## Available data
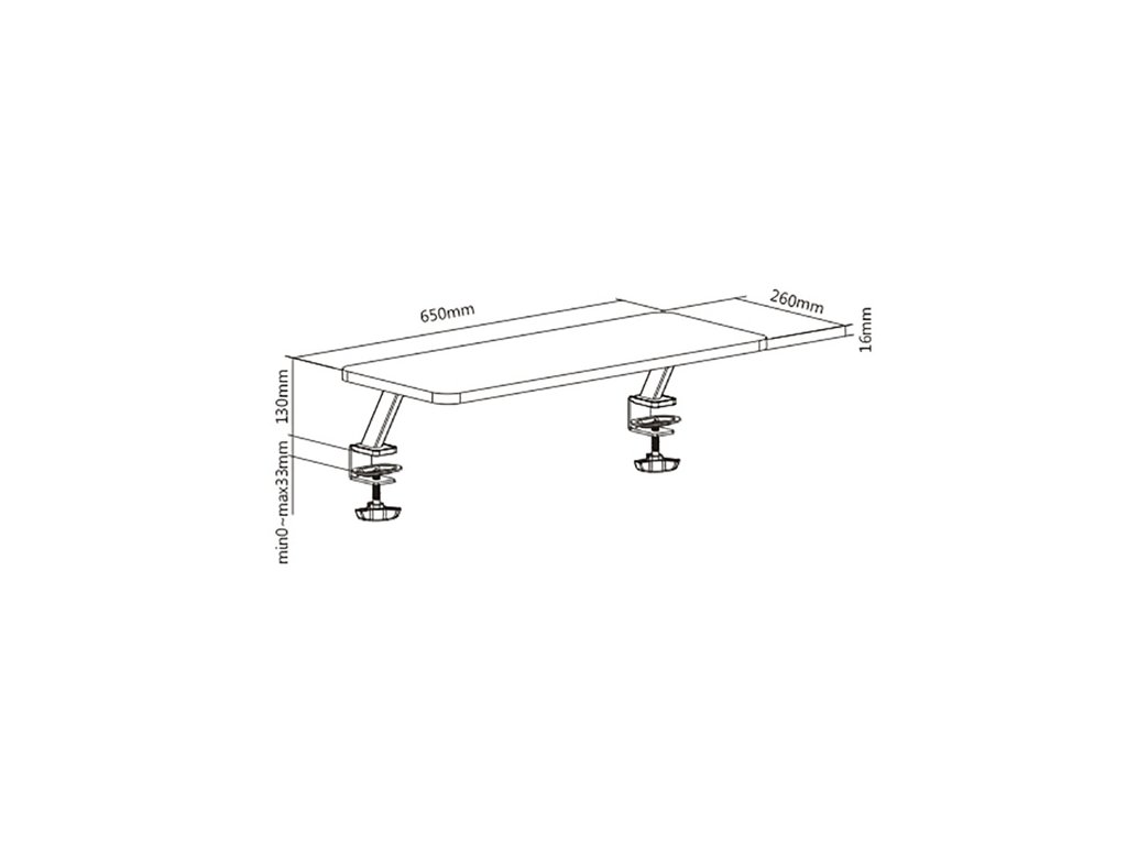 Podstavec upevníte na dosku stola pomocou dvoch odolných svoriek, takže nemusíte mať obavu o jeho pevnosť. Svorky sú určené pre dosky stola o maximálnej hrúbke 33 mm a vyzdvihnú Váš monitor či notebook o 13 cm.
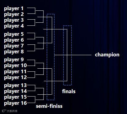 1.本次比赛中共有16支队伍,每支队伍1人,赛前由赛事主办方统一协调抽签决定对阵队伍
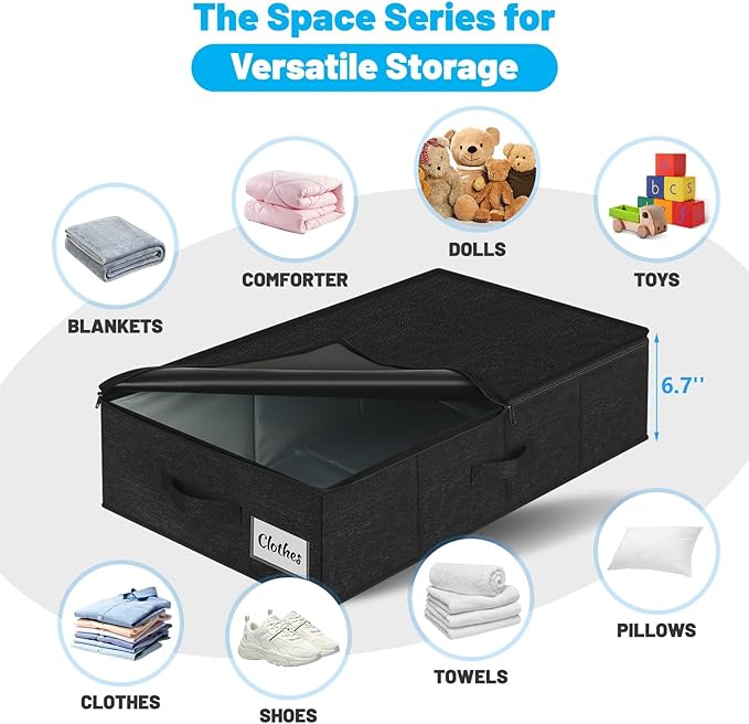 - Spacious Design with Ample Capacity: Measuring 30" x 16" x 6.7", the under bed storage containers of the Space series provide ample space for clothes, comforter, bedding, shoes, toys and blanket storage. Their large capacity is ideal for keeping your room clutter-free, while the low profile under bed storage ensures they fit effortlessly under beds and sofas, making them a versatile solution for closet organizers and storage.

## To do
Would you repeat the material exactly, keeping out any pictures?

## Task response
 Podstavec upevníte na dosku stola pomocou dvoch odolných svoriek, takže nemusíte mať obavu o jeho pevnosť. Svorky sú určené pre dosky stola o maximálnej hrúbke 33 mm a vyzdvihnú Váš monitor či notebook o 13 cm.
 1.本次比赛中共有16支队伍,每支队伍1人,赛前由赛事主办方统一协调抽签决定对阵队伍
 - Spacious Design with Ample Capacity: Measuring 30" x 16" x 6.7", the under bed storage containers of the Space series provide ample space for clothes, comforter, bedding, shoes, toys and blanket storage. Their large capacity is ideal for keeping your room clutter-free, while the low profile under bed storage ensures they fit effortlessly under beds and sofas, making them a versatile solution for closet organizers and storage.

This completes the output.